We conducted a post hoc longitudinal analysis of prospectively collected participant data from the Clot Lysis: Evaluating Accelerated Resolution of Intraventricular Hemorrhage phase 3 trial (CLEAR-III)20 and the Minimally Invasive Surgery plus Alteplase for Intracerebral Hemorrhage Evacuation (MISTIE-III) trial.21 Parent trial protocols were approved by the institutional review boards of each trial site, and written informed consent was obtained prior to trial enrollment. This study was approved by our local institutional review board and performed in accordance with the Strengthening the Reporting of Observational Studies in Epidemiology (STROBE) reporting guideline.

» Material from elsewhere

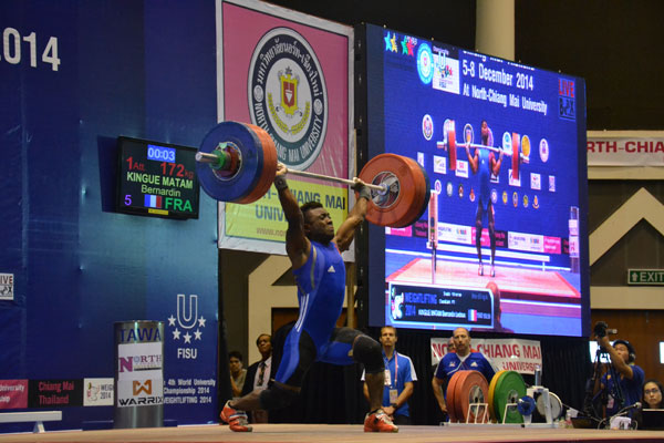 In the men’s 69kg a strong fight emerged from the competition between three lifters. If Kinge-Matam (FRA) took the gold in the snatch with a 146kg lift beating his personal best, ahead of Bunsuk (THA), 140kg and Kasai (JPN), 136kg, the Frenchman let the title in the clean and jerk competition to Bunsuk while silver went to Kasai and Bronze to Kinge-Matam. All three athletes ended up with the same lift (172kg) and the medals were attributed according to their bodyweight. Kinge-Matam, a silver medalist at the Kazan 2013 Universiade and participant at the London Olympics nevertheless took the gold in the total (318kg), Bunsuk taking silver (312kg) and Kasai the bronze medal for Japan (308kg).

CLEAR-III randomized 500 patients with spontaneous obstructive IVH and small to moderate supratentorial ICH (<30 mL) to receive intraventricular thrombolysis vs placebo.20 MISTIE-III randomized 499 patients with spontaneous large supratentorial ICH (≥30 mL) without obstructive IVH to receive either minimally invasive stereotactic thrombolysis of the hematoma or standard medical treatment.21 Both trials were neutral for primary end point of improved functional outcome at 180 days and 1 year, respectively. However, both trials demonstrated a significant reduction in mortality for the treatment vs control groups at 180 and 365 days. In the current study, we included all patients with ICH and IVH from both trials who survived and had mRS 4 to 5 at day 30.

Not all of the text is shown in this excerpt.